Armenia's Capital City Launches Interactive Municipal Website
BY Onnik Krikorian | Friday, November 9 2012
Since the collapse of the former Soviet Union in 1991, democratization in the South Caucasus, a region sandwiched between Russia, Iran, and Turkey which comprises Armenia, Azerbaijan, and Georgia, has not been without its problems. But, with Internet penetration slowly growing and some activists and citizens finding their voice online, international donors are increasingly looking towards Information Communication Technology (ICT) as a means not only to empower the population, but to also introduce much needed accountability and transparency into local and national government.
Launched in the capital, Yerevan, on November 1, the site is funded by the United Nations Development Program (UNDP). It is an attempt to encourage residents of Armenia’s largest city, by some accounts home to just under half of the country’s population of 3 million, to engage with the municipality, which became an elected body in 2009, following the constitutional amendments of 2005.
At the press conference to launch the site, municipal officials made a point of stressing the interest of Mayor Taron Margaryan in actively encouraging the participation of residents in the city’s management and not least following high-profile demonstrations opposing urban development and the further erosion of the city’s green areas by environmental activists earlier this year.
“These types of online platforms for citizens are usually started by NGOs or activists, and that’s why this project makes me so proud of our municipal partners who have thoroughly embraced the concept,” wrote Tatevik Koloyan, UNDP’s manager for the project, in a post on the international organization’s Voices from Eurasia blog. “Less than 24 hours after its launch, the website already features several proposals from citizens, as well as proposals for public discussion from the Yerevan Municipality.”
Speaking to techPresident, Koloyan said iYerevan was inspired by the Russian StreetJournal.org. “UNDP Armenia developed a project proposal for the creation of a [similar] website that would serve as a direct link and real-time communication tool between the municipality and the citizens of the city,” she says. “The online map featured on the website allows citizens to tag or discuss their ideas and suggestions on how to improve the city, making it a better place to live and to visit.”
Koloyan says the project proposal was approved in June. “UNDP Armenia strongly emphasized municipality involvement in the project’s development and implementation since eventually it would be the municipality and its respective departments who would be receiving suggestions from citizens,” she explains. “Only with the municipality’s ownership and maintenance can each suggestion receive a respective response or action.”

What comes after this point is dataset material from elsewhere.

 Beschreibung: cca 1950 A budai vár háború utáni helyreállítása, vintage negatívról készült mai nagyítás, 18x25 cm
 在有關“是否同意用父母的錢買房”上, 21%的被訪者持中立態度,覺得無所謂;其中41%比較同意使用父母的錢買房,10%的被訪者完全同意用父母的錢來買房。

Nevertheless, with Internet penetration still relatively low in a country with a GDP per capita of just $5,500 in 2011, it remains to be seen whether iYerevan is embraced by residents. Despite government claims that penetration stood at just over 60 percent (ITU data) in 2011, others believe the figure is much lower. According to a USAID-funded study the same year for the Eurasia Partnership Foundation (EPF), Internews, and Yerevan Press Club, for example, only 34 percent of Armenians said they owned a computer with just 28 percent saying they accessed the Internet. That includes those with Internet-enabled mobile phones.

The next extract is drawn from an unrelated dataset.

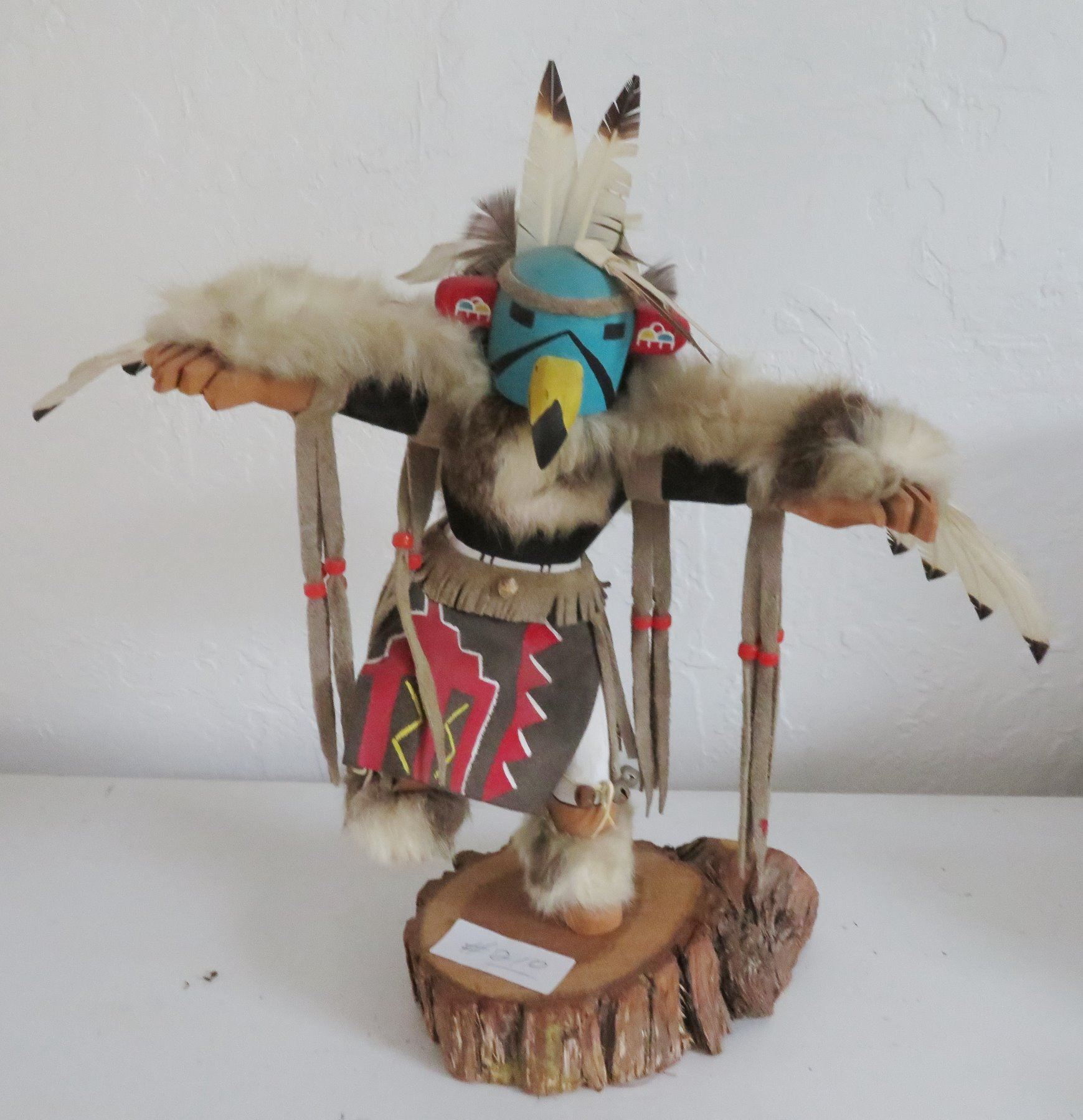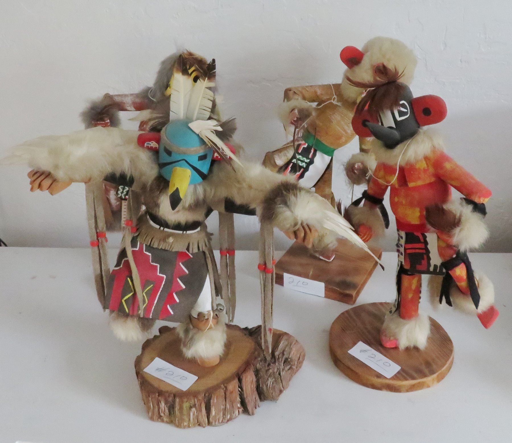 4 Large Hopi Kachinas, c. 1950s. Made of cottonwood, paint and feathers, the largest is 14" tall. Hopi, Arizona. Condition: Good, see images. Shipping: $65.00 USA estimate only, due to size, double-boxed.

But, illustrating how connectivity is more prevalent in Yerevan, the same household survey also noted that while a staggering 86 percent of Armenians living in rural areas said they had never accessed the Internet at all, that figure was much lower at 56 percent in the capital. Indeed, with 43 percent of Yerevan residents having access to the Internet, many going online daily, there is at least some potential for e-governance sites to establish themselves as conduits for communication between citizens and the local authorities in the capital at least.

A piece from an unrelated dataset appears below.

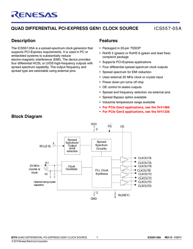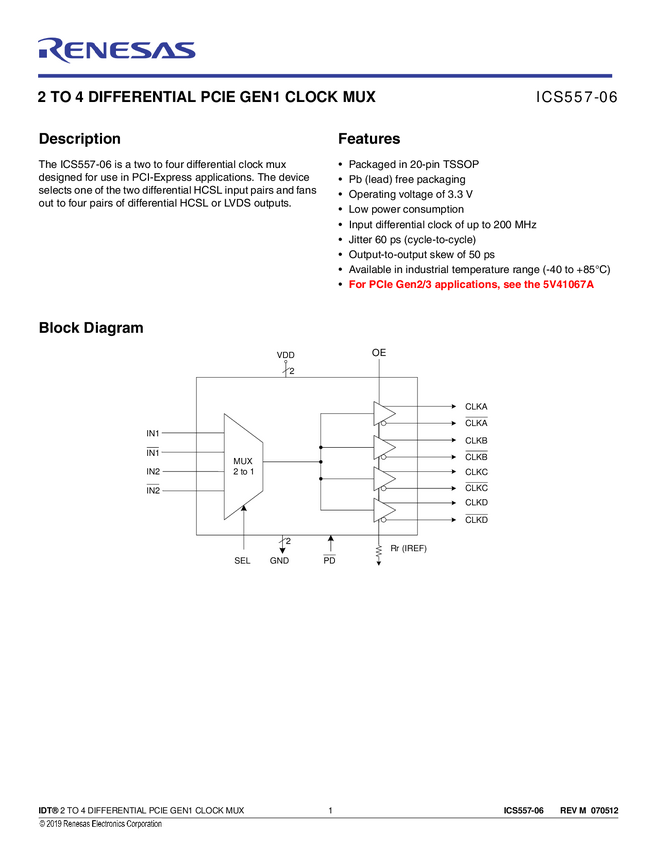 2 to 4 Differential PCIe GEN1 Clock MUX

Even so, others remain unconvinced. “I’m aware of iYerevan and similar sites, but many others I know are not,” says Zhirayr Terzyan, a young Internet-savvy marketing professional who also works extensively online. “I don't think iYerevan will see massive adoption because Armenian Internet users are still very much media-consumers rather than creators or contributors.”
For now, such a belief seems to be supported by interest to date in the site. According to Koloyan, and despite television and other coverage including social media, one week after its official launch iYerevan had been accessed 882 times by 634 unique visitors with 48 suggestions made by residents. Nevertheless, it is hoped that this will dramatically change when an outreach and publicity campaign using traditional methods such as posters and flyers is launched towards the end of the month.
But, potentially confusing potential users of iYerevan, is the existence of another site, CityBugs.am, a project that won a Microsoft-sponsored hackathon in December 2011 and which was officially launched on October 1 this year with financial support from USAID, Internews and EPF. Like iYerevan, it too seeks to engage residents in the capital’s development and now has the cooperation of the Yerevan municipality. “There is lot of similar functionality [with iYerevan], but that project will not cover the same areas,” says Arman Atoyan, CEO and founder of the X-Tech Creative Studio responsible for the site.
Moreover, he says, there is the firm belief that over time such tools can benefit citizens, especially as Internet penetration increases. “Our slogan is ‘let's make our city a better place for our lives,’” he told techPresident, voicing a sentiment that UNDP’s Koloyan shares. “Through this site we aim to support the development of a constructive partnership between the local authorities and the citizens, resulting in more active civic engagement, citizen reporting, and a higher level of accountability from the local authorities.”